An exact reprint of the whole listing is what the answer must contain.

▶ **AVAILABLE DATA**:
:::
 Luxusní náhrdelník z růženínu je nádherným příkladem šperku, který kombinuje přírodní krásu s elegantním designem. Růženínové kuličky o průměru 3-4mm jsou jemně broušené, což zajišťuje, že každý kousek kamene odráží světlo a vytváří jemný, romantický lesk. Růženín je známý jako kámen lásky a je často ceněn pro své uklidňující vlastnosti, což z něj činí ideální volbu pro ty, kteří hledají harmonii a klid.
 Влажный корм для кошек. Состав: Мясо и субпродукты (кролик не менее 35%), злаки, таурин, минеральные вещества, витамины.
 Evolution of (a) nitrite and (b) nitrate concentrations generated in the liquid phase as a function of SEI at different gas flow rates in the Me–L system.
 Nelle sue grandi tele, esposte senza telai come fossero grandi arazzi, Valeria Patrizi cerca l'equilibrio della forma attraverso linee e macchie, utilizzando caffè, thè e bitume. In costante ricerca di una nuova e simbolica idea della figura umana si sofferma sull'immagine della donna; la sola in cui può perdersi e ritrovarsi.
:::
▶ **RESPONSE TO THE EXERCISE**:
 Luxusní náhrdelník z růženínu je nádherným příkladem šperku, který kombinuje přírodní krásu s elegantním designem. Růženínové kuličky o průměru 3-4mm jsou jemně broušené, což zajišťuje, že každý kousek kamene odráží světlo a vytváří jemný, romantický lesk. Růženín je známý jako kámen lásky a je často ceněn pro své uklidňující vlastnosti, což z něj činí ideální volbu pro ty, kteří hledají harmonii a klid.
 Влажный корм для кошек. Состав: Мясо и субпродукты (кролик не менее 35%), злаки, таурин, минеральные вещества, витамины.
 Evolution of (a) nitrite and (b) nitrate concentrations generated in the liquid phase as a function of SEI at different gas flow rates in the Me–L system.
 Nelle sue grandi tele, esposte senza telai come fossero grandi arazzi, Valeria Patrizi cerca l'equilibrio della forma attraverso linee e macchie, utilizzando caffè, thè e bitume. In costante ricerca di una nuova e simbolica idea della figura umana si sofferma sull'immagine della donna; la sola in cui può perdersi e ritrovarsi.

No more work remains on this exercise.